Hm, that's not working, but I think it makes sense
Just focusing on Y, float H = _Rect.w - _Rect.y
Basically, I need to scale it down from 0 to 1
relTexcoord.y = (IN.texcoord.y - startTexcoord.y) / H;
Got it... had my _Rect values wrong
Hi. My game is 2D, UI elements mainly. Is there a tutorial how can i for example make some shaders for my UI Images? I would like to make some border-glow effect
and i fix this how exactly
failed to open source file: 'Packages/com.unity.render-pipelines.high-definition/Runtime/VFXGraph/Shaders/VFXDefines.hlsl' at kernel CSMain
i have that folder only suffixed with version
huh. after i actually opened it - it reimported itself
weird
Question. I have a yellow overlay that I have added to my PBR shader (LWRP)
However, if I made the shutter material a 1.0 metal, this happens
It sort of overrides the overlay. I'm guessing this makes sense, but if I'm doing something stylistic is there a way to keep the yellow overlay for metal materials?
can you elaborate on what you mean by overlay? when something is set to metal I believe the behavior is that the diffuse color becomes the specular tint and all diffuse color is removed
@shell walrus @lime viper is correct, the diffuse color amount is basically 1 - metallic value, so zero in your case.
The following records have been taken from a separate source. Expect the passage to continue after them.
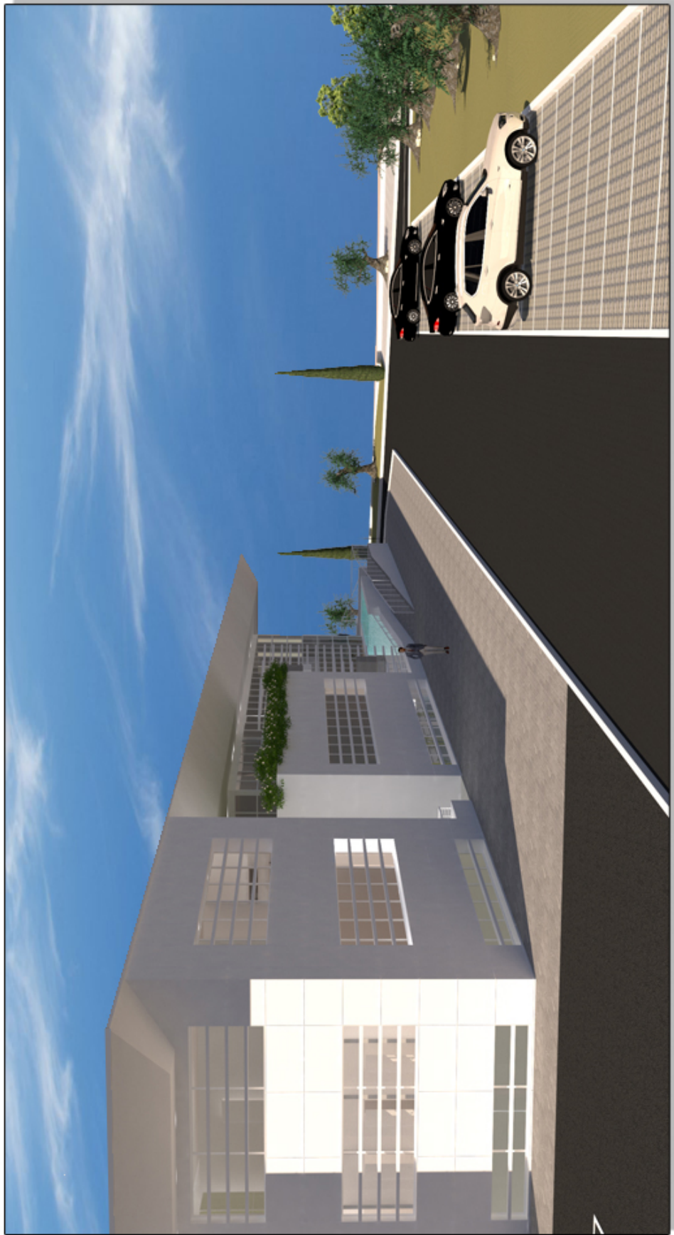
VISTA RAMPA D'INGRESSO
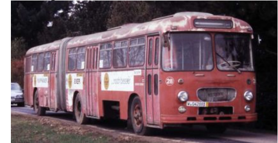
Büssing-Emmelm. ex Stadtw. Konstanz 28
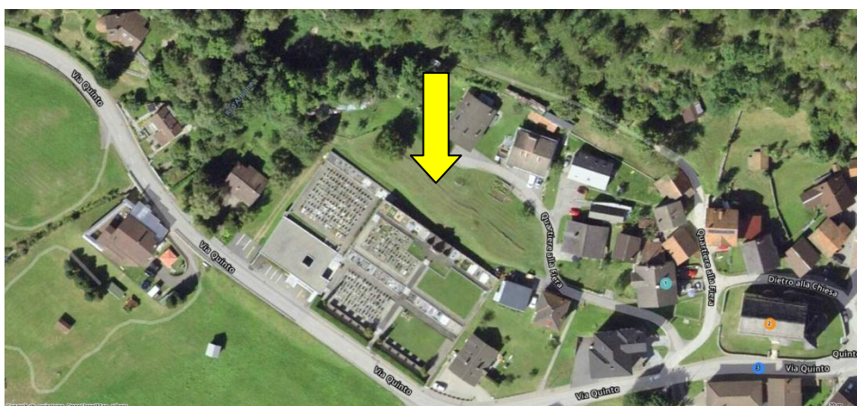
Lage / luogo
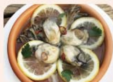
4) 広島カキ 舞茸・レモン ¥680
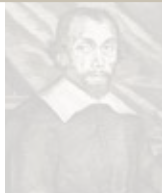
Fénelon 1651-1715 Montesquieu 1689-1755
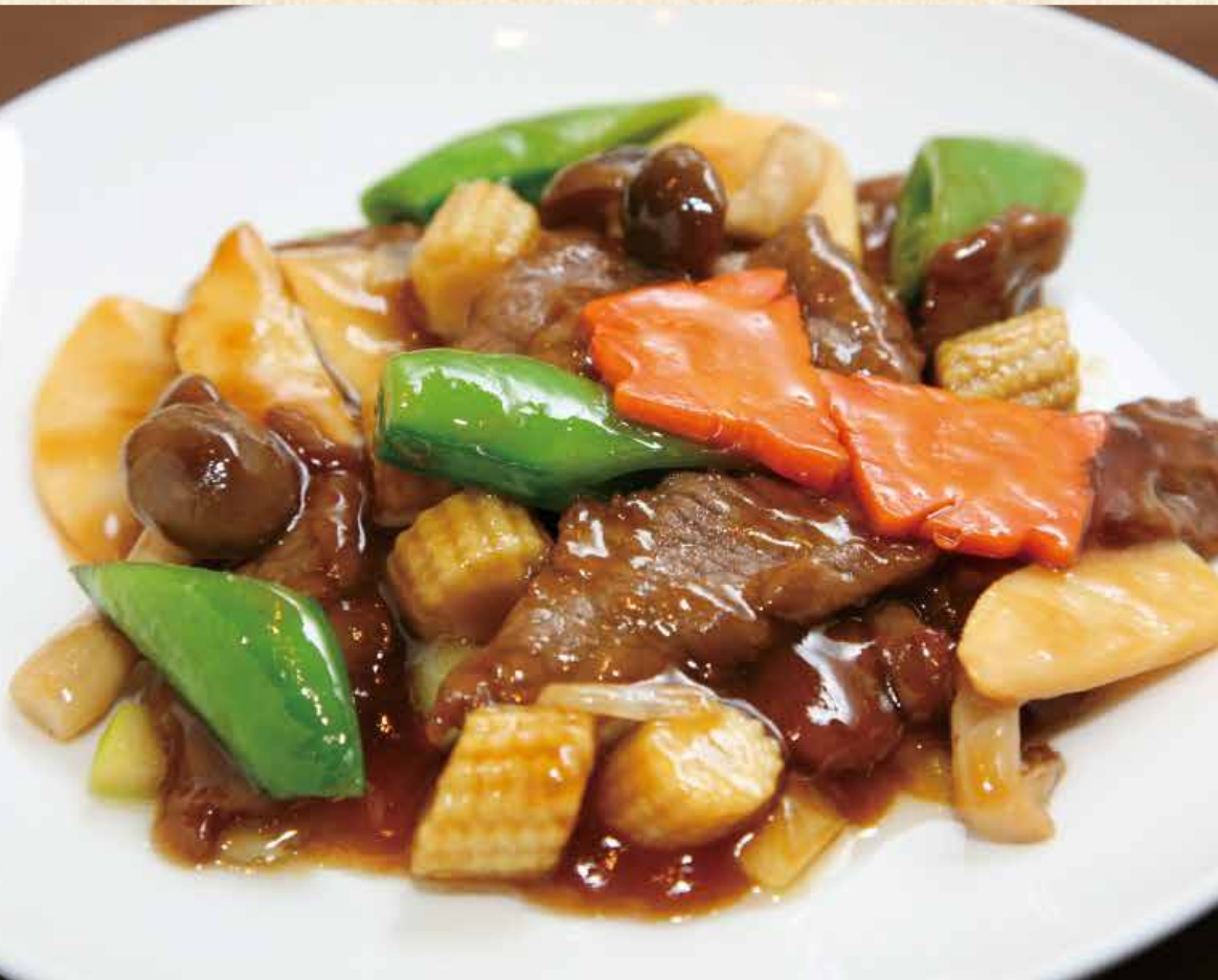
蠔油牛肉 牛肉の オイスター炒め
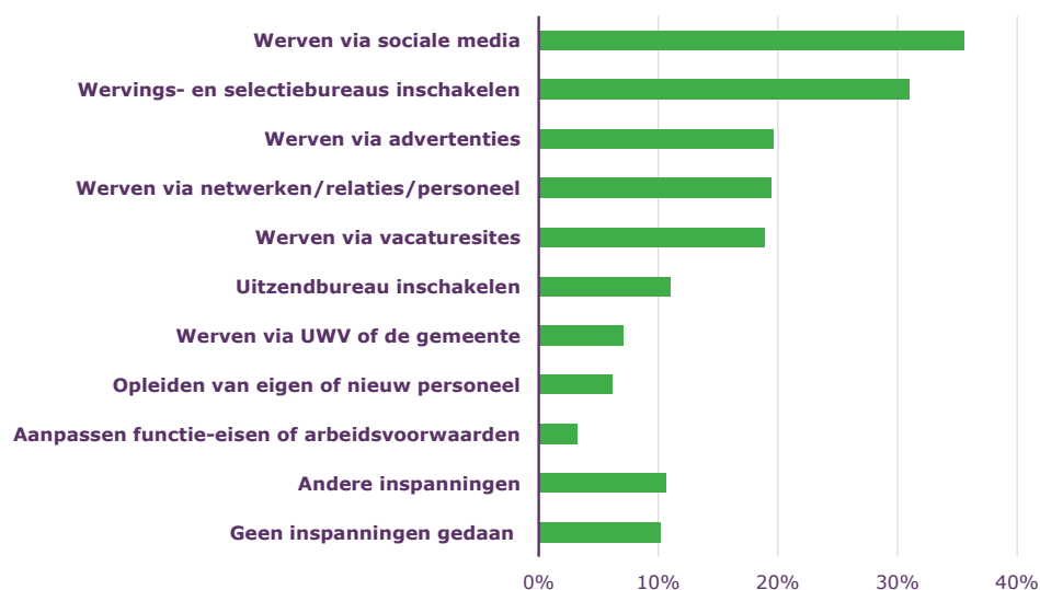
Figuur 1 Inspanningen om moeilijk vervulbare vacatures toch te vervullen

Naar sector bekeken worden social media relatief vaak ingezet in de sectoren 'Bouw' en 'Horeca' (niet in tabel). Het inschakelen van een wervings- en selectiebureau of headhunter gebeurt relatief vaak in de sectoren 'Industrie', 'Groothandel' en 'Communicatie en informatie'. In de sector 'Landbouw' kiezen bedrijven er naar verhouding vaak voor om een uitzendbureau in te schakelen.
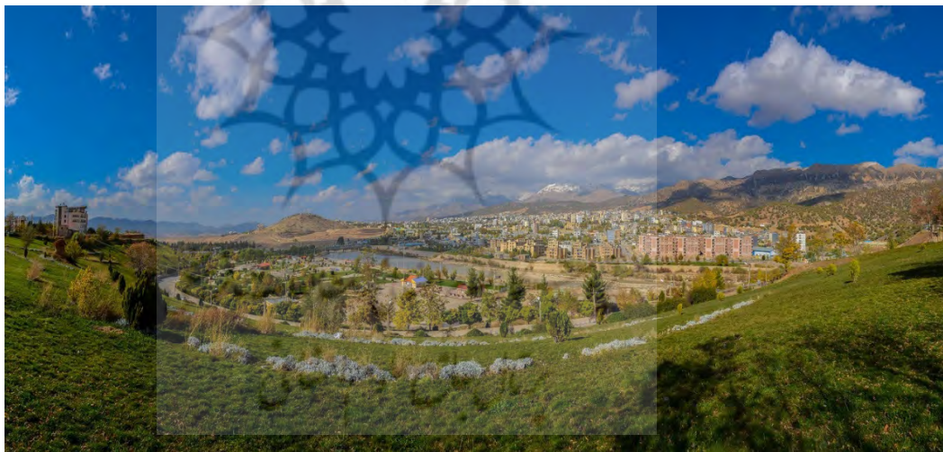
تصویر ۲. دورنمای شهر یاسوج نمای جنوبی
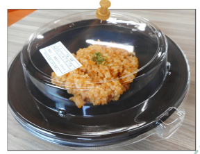
キムチ風ピリ辛チャーハン …400円
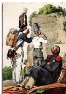
Nicolas-Toussaint Charlet (1792-1845), Frontispice de Costumes militaires français, n° 1, 1817
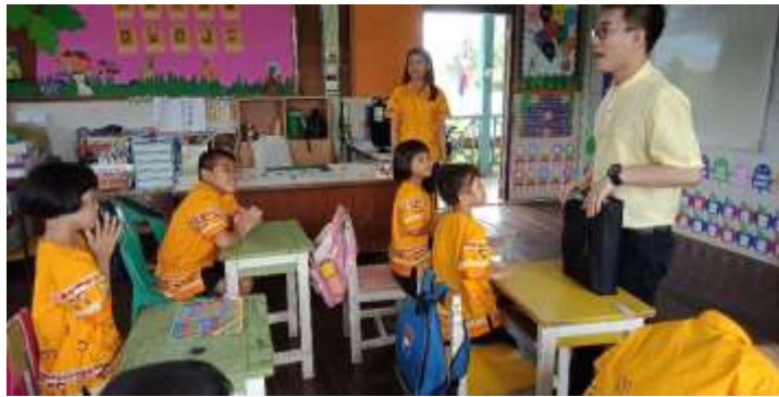
นิเทศชั้นเรียน ป.1 ของศึกษานิเทศก์สำนักงานเขต
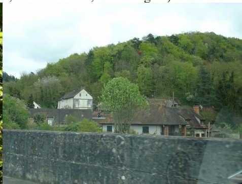
L'éperon vu de la vallée
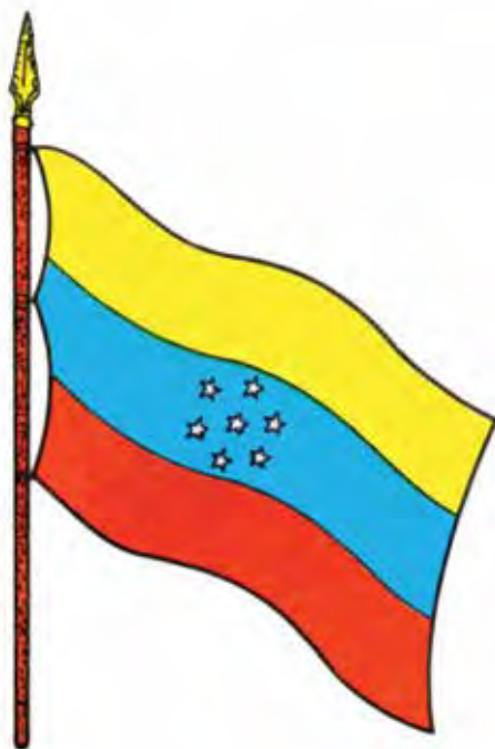
Bandera decretada por el General Juan Crisóstomo Falcón –29 de julio de 1863–
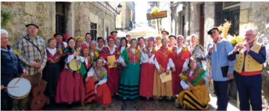
Las Panchoneras de Laredo con el acompañamiento de "Los Piteros de Seña".
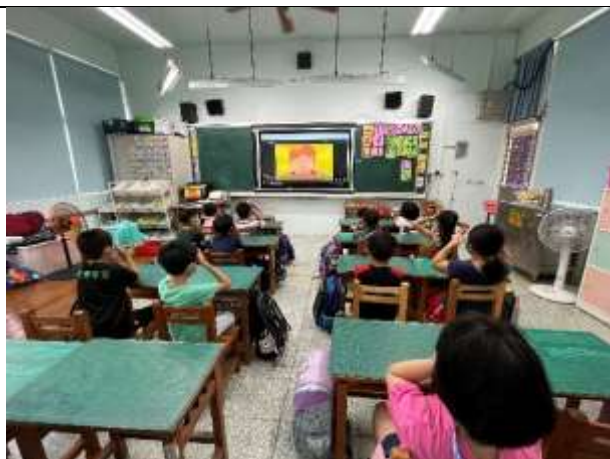
說明：視力保健課程。
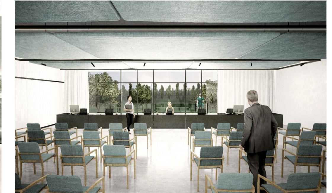
HEADQUARTER - VISTA INTERNA SALA RIUNIONI
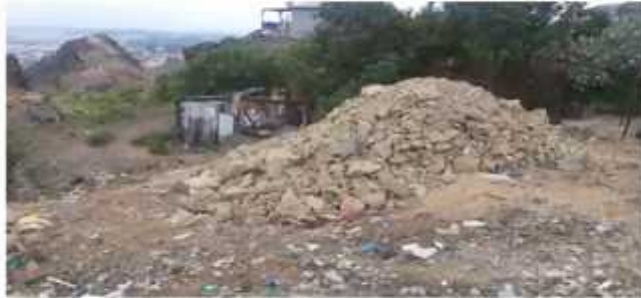
Imagen 2.- Material depositado en el lugar.
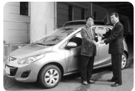
マツダ労働組合 (平成25年4月5日)
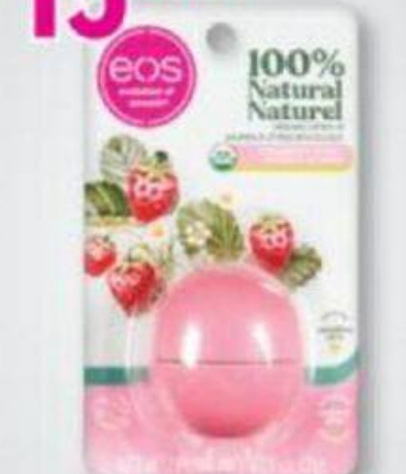
EOS Baume à lèvres/Lip balm, 4 g ou/ou 7 g
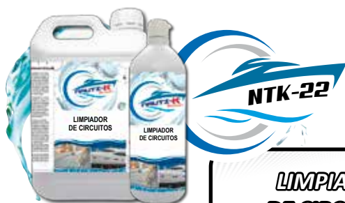
NTK-22 LIMPIADOR DE CIRCUITOS
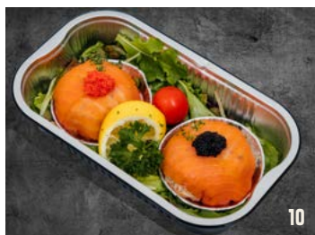
2 ZALMBONBON per schaal € 15,99

Prijswijzigingen voorbehouden. Aanbiedingen mits onverkocht. Prijzen geldig t/m 31-12-2022
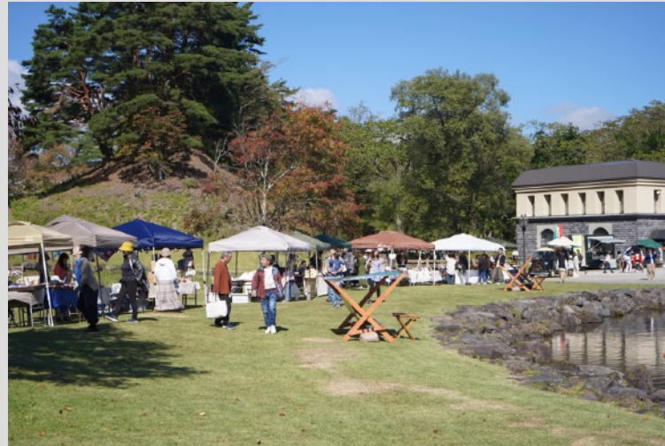
庭園エリアを利用
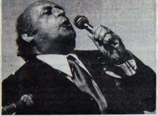
AP hükümetini iğbâna getiren emperyalizm ve tekel, ivedi bir devalüasyonu zorluyor

Türkiye'de bulunan Uluslararası Para Fonu heyetiyle görüşmeler sürüyor. Süreyor da, pazarlığın sonuna gelinmiyor bir türlü. Sızan haberlere göre, kur ayarlaması, KİT zamları ve yatırım programında kısıtı için baskısını yoğunlaştıran heyet üslubunu da sertleştirmiştir. Deneyimli Fon uzmanlarının, 'sorunlara iyi niyetli yaklaşım', 'Hükümetin yeni kurulması nedeniyle başvurulacak önlemlerin zaman ve içerik yönünden somutlaştırılmaması' türünden mazeretlere verdiği yanıtın "o halde görüşecek bir şey yok. Biz gidelim" şeklinde olduğu belirtilmektedir. Demirel'in evindeki hesap, çarşıya uymamıştır.
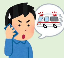
子ども医療電話相談
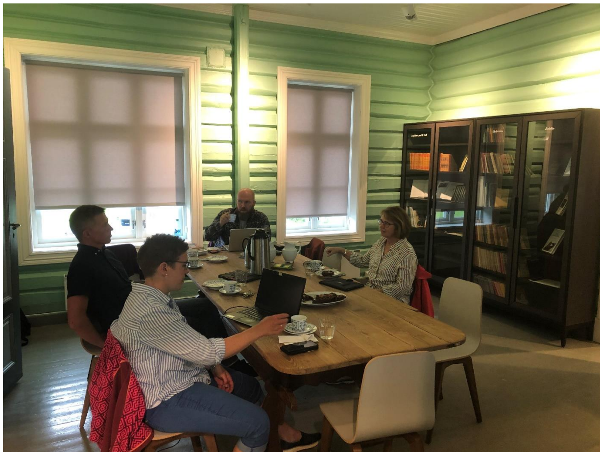
Bilde 1: Møte i verneområdestyret på Rendalstunet i juni.

Sølen verneområdestyre har i 2022 hatt 2 fysiske styremøter og 6 elektroniske møter. Styremøtet i juni ble avholdt på Rendalstunet med flott foredrag om hubro av Utmarkskonsulent Øyvind Fredriksson.
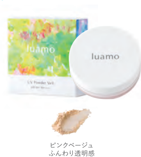
ピンクベージュ ふんわり透明感

植物由来の 保湿成分 エーデルワイス花 / 葉エキス ラベンダー花エキス セイヨウサンザシ果実エキス ゴヨウマツ種子油
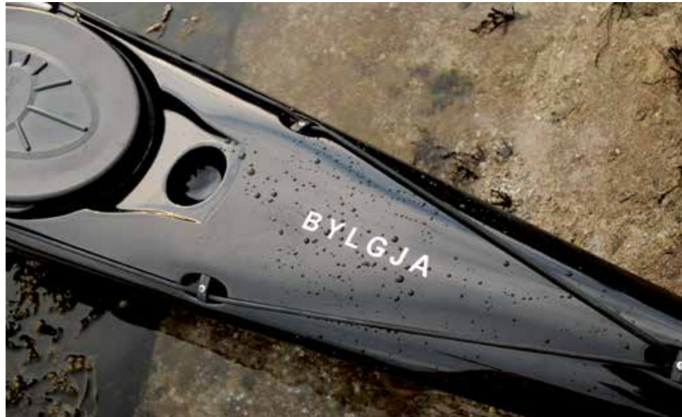
▲ Kompassgrop finnes , men kajakken mangler strikk framme til reserveåren.
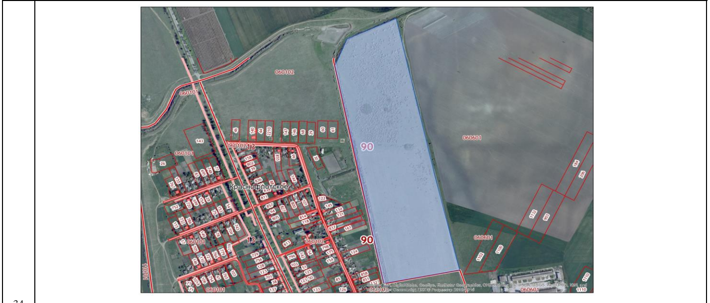
Схема расположения земельного участка на публичной кадастровой карте РФ

What is your smoothness set to?
you might get closer to what you are expecting by setting it to a lower value
hmm, my roughness is coming from a texture map ****
I can temporarily try and enter values instead to test
I imagine you haven't set up reflection probes that will be capturing the yellow from the environment too
When I try it with a standard shader, the metallic is tinted by the Color.
URP Lit
weird, I have a exposed roughness value now and when I slide it the material preview updates but it doesn't in the scene (I have saved the shader)
This is Lwrp, PBR
Yeah, URP is the new LWRP. But versions may make a diff I suppose.